■ WORK TASK ■
Using the listing below, output only the lines from the one that contains "Brown pleat-front trousers" through the one that contains "Abstract shot of", inclusive, exactly as given and without images.

EXCERPTED RECORDS section start

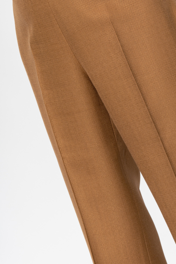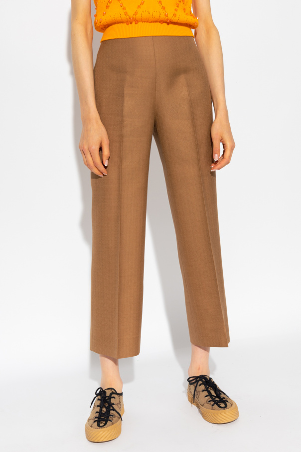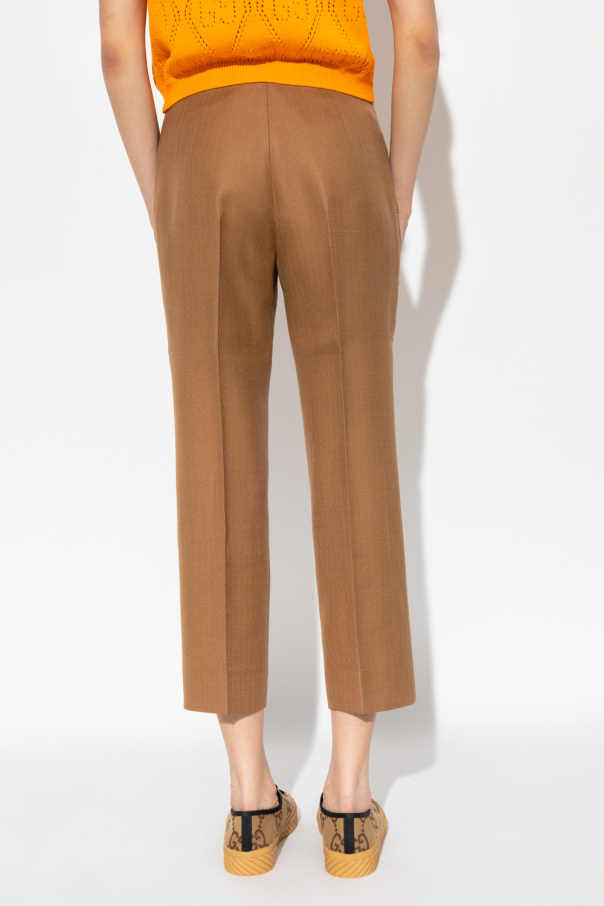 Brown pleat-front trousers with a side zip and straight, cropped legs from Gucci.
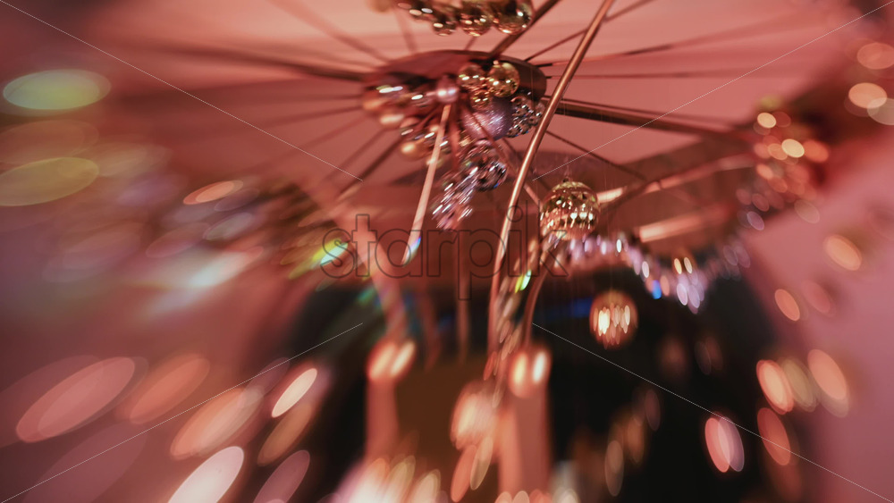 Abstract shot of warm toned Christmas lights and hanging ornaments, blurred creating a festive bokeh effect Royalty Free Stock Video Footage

EXCERPTED RECORDS section end
EXCERPTED RECORDS section start

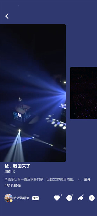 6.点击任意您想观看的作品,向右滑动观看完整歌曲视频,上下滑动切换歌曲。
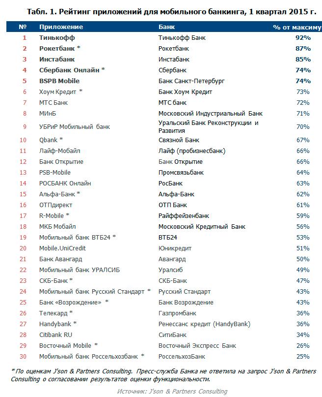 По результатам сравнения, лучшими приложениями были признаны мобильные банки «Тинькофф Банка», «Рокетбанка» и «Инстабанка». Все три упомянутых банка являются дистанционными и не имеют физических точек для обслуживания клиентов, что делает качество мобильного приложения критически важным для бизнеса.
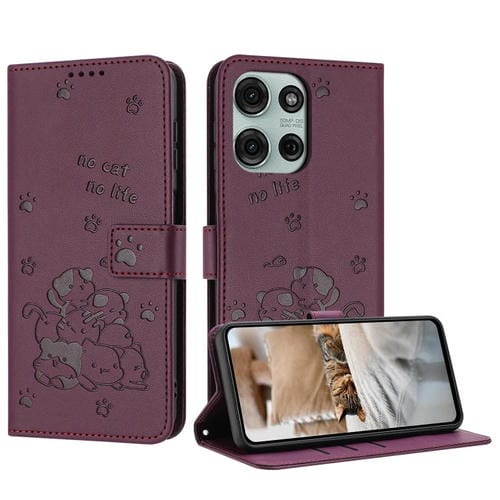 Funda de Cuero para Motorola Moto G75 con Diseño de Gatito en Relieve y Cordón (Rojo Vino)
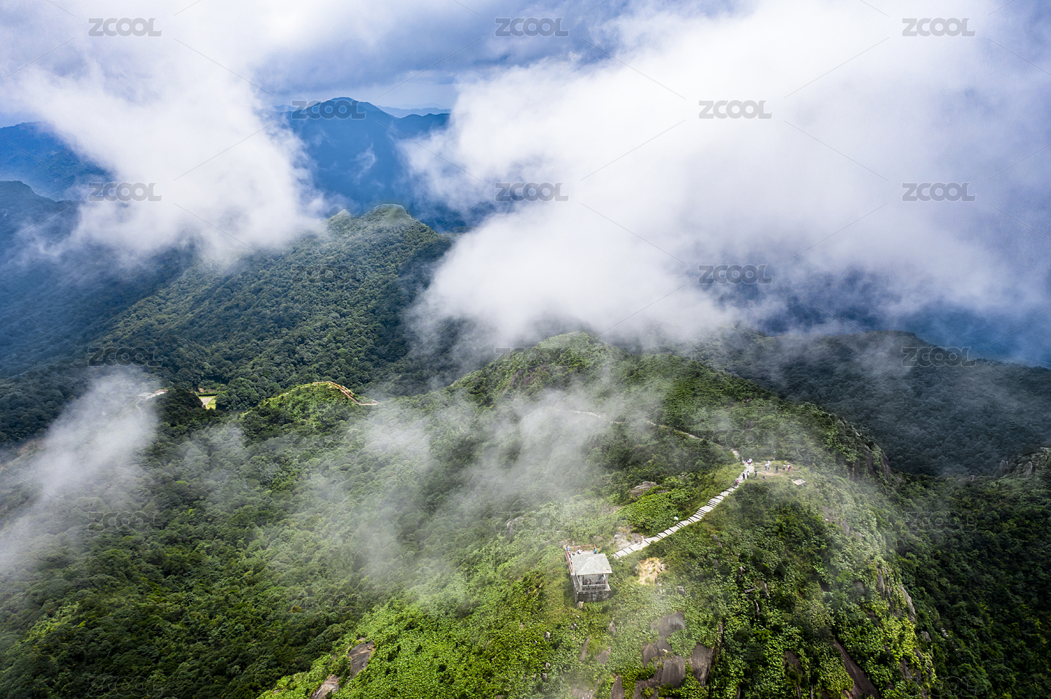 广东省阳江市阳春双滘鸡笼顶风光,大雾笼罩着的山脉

EXCERPTED RECORDS section end
EXCERPTED RECORDS section start

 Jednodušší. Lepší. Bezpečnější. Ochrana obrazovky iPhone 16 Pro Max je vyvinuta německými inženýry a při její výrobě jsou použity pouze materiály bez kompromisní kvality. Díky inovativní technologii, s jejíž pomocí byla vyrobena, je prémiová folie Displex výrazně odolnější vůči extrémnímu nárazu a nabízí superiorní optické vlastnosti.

EXCERPTED RECORDS section end

■ RESPONSE FOR THIS EXERCISE ■
 Brown pleat-front trousers with a side zip and straight, cropped legs from Gucci.
 Abstract shot of warm toned Christmas lights and hanging ornaments, blurred creating a festive bokeh effect Royalty Free Stock Video Footage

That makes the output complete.